The slaves’ descendants announced that they had raised $115,000 in seed money for the proposed institution, which would be set up in partnership with Georgetown. That sum matches the amount that the Jesuits received for the slaves they sold in 1838 to pay for the university’s expenses.
Writing in Crisis, Father Cornelius Buckley, SJ, observes that the Jesuit ownership of slaves in the 19th century was a clear violation of papal decrees condemning the practice. Thus he writes: “it is important to see that disobedience to papal teaching was the point of departure from which Georgetown and other Jesuit colleges in the United States plotted their course.”

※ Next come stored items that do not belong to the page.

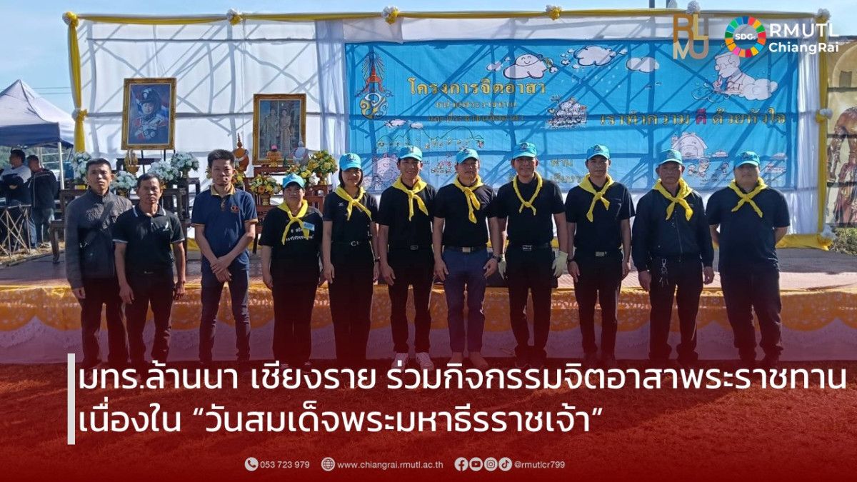 วันที่ 26 พฤศจิกายน 2568 มหาวิทยาลัยเทคโนโลยีราชมงคลล้านนา เชียงราย นำโดย นายสุรเชษฐ์ ชมภูมิ่ง หัวหน้างานบริการ พร้อมด้วยบุคลากร ร่วมกิจกรรม จิตอาสาพระราชทาน เนื่องในวันคล้ายวันสวรรคตของ พระบาทสมเด็จพระมงกุฎเกล้าเจ้าอยู่หัว (รัชกาลที่ 6) หรือที่รู้จักในนาม “วันสมเด็จพระมหาธีรราชเจ้า” / “วันวชิราวุธ” กิจกรรมจัดขึ้น ณ ลานพญาเม็งรายหลวง หมู่ 10 ตำบลทรายขาว อำเภอพาน จังหวัดเชียงราย เพื่อร่วม น้อมรำลึกในพระมหากรุณาธิคุณ ของรัชกาลที่ 6 ผู้ทรงมีคุณูปการสำคัญต่อประเทศไทยทั้งด้านการศึกษา การพัฒนาชาติ และการก่อตั้งลูกเสือไทย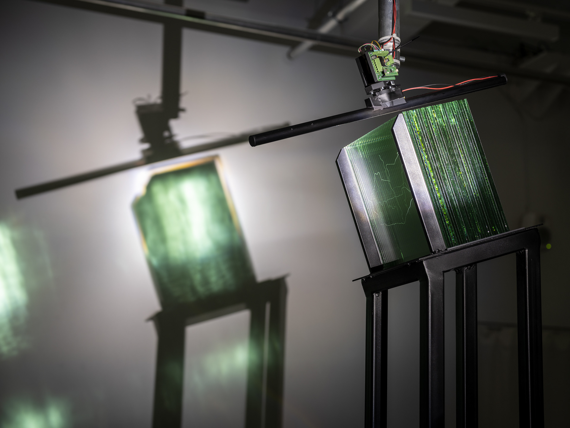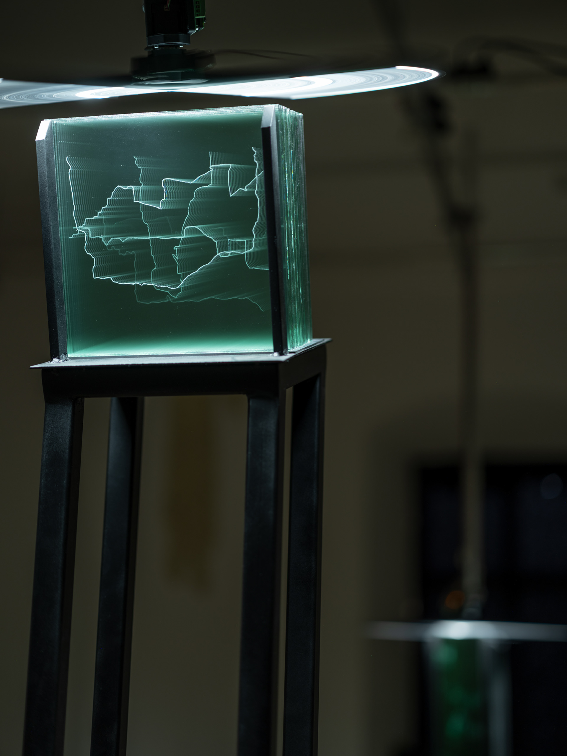 The sculpture consists of 29 glass panels, each engraved with horizons of ruins from an abandoned town in Sicily – an echo of the silence left by an earthquake. Through the transparent layers, a stratified landscape emerges, where light moves between the remnants of what once was. Above, a light source rotates like a helicopter propeller, inspired by the sensation of flying over a place or drifting through memories. The work captures a moment suspended between decay and stillness, where the contours of memory slowly dissolve into the glass.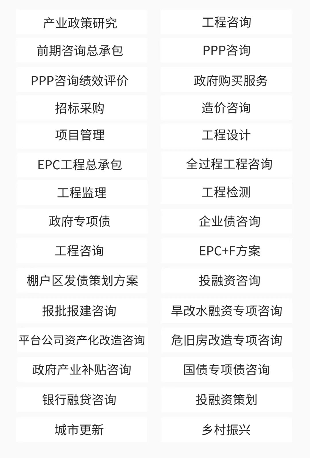 ◆ 完整的建筑業(yè)產(chǎn)業(yè)鏈包括項(xiàng)目全生命周期內(nèi)的投資機(jī)會(huì)分析、策劃咨詢、工程咨詢(前期咨詢總承包)、產(chǎn)業(yè)政策研究、投融資咨詢(政府產(chǎn)業(yè)補(bǔ)貼咨詢、國(guó)債專項(xiàng)債咨詢和銀行融貸咨詢)、平臺(tái)資產(chǎn)化改造和信用評(píng)價(jià)提升、全過(guò)程工程咨詢、PPP咨詢、PPP績(jī)效評(píng)價(jià)、工程設(shè)計(jì)、招標(biāo)代理、造價(jià)咨詢、工程監(jiān)理、工程檢測(cè)、政府購(gòu)買服務(wù)、EPC工程總承包、BIM技術(shù)咨詢、無(wú)人機(jī)技術(shù)及運(yùn)營(yíng)維護(hù)等各項(xiàng)業(yè)務(wù)。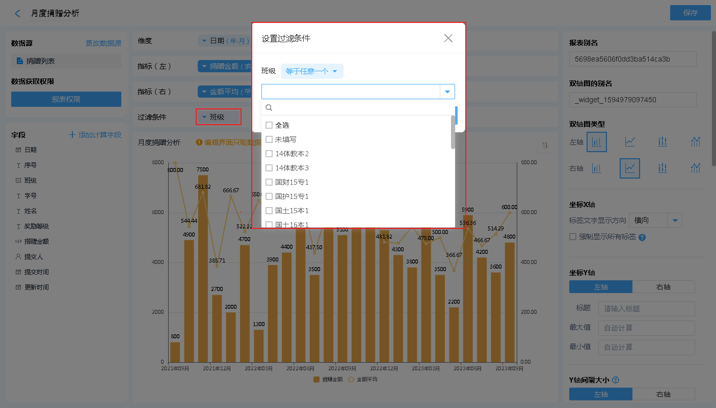 数据源就是指当前双轴图表的数据来源,可以是表单、数据视图。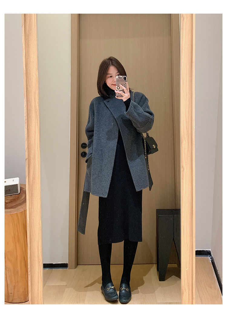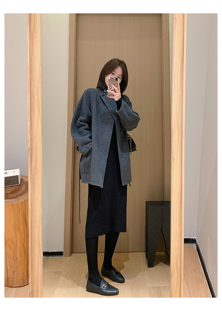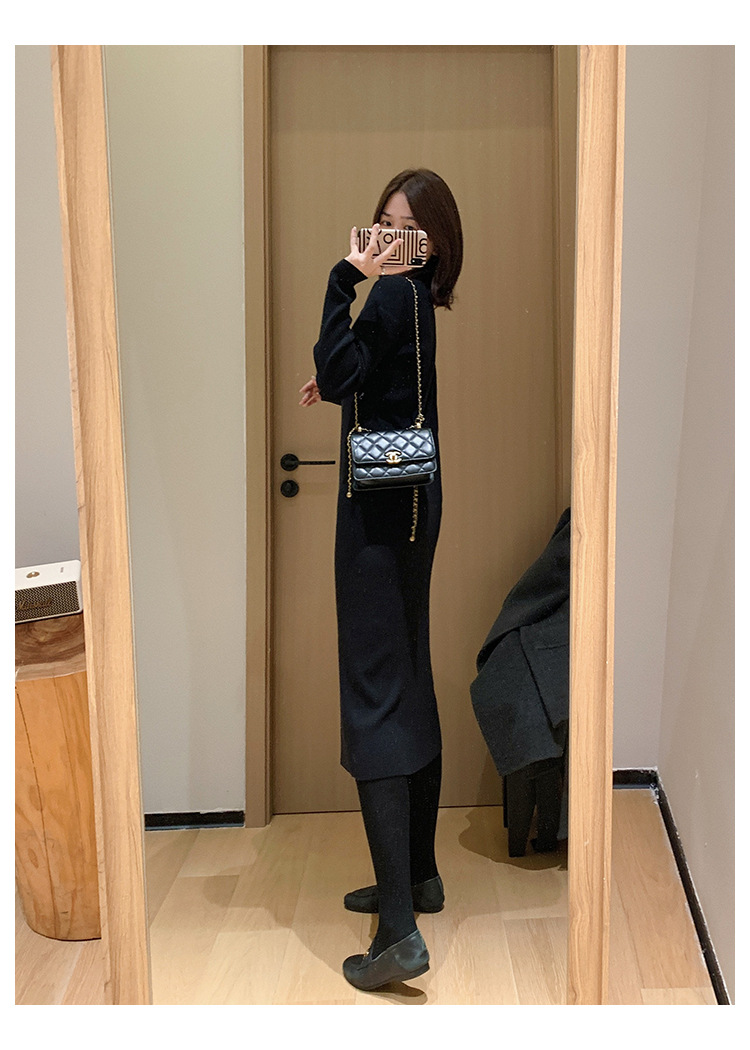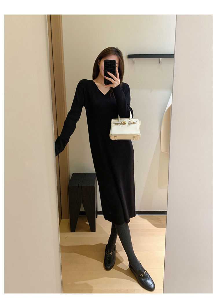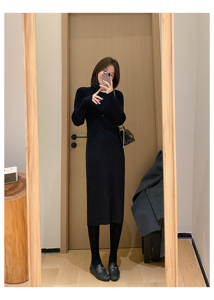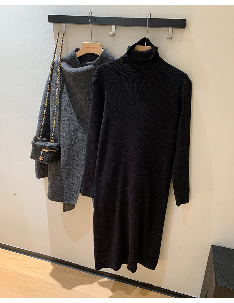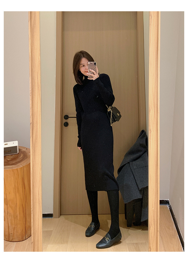 双领型28支抗起球显瘦坑条针织连衣裙!#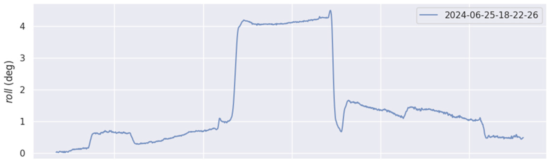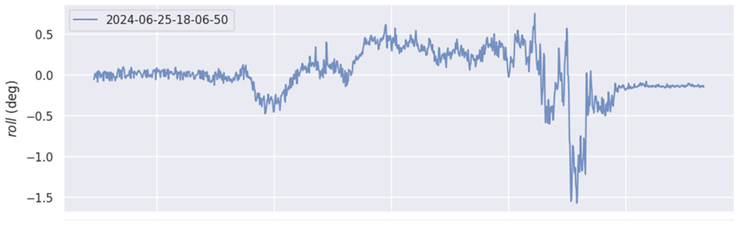 Figure 17. Time-dependent curve of robot roll angle in outdoor scenarios (note: the improved algorithm fluctuates around zero overall).

Father Cornelius Buckley explains :
Slavery as an institution should be condemned. This was precisely the position of Pope Paul III, when in 1537, he outlawed slavery and condemned those who owned or sold slaves. Three years later he approved the rule of Ignatius of Loyola and his companions constituting them as a religious order. Of course, not many paid much attention to the pope’s strong statements against black slavery. It was too advantageous for black chiefs who sold their people and for white traders who purchased them and transported them to the New World. But then in 1639, at the insistence of the Jesuits in Paraguay, where the Spaniards where enslaving the indigenous peoples, Pope Urban VIII issued another bull confirming what Paul had decreed and adding strength to it. Then, less than fifty years later, the Jesuits in Maryland were slave owners. So, in order to put into its proper perspective the historical fact that the 1838 Georgetown Jesuits were owners and sellers of slaves, it is important to see that disobedience to papal teaching was the point of departure from which Georgetown and other Jesuit colleges in the United States plotted their course.
So what's they big deal? It's not as if they were denying someone contraceptives.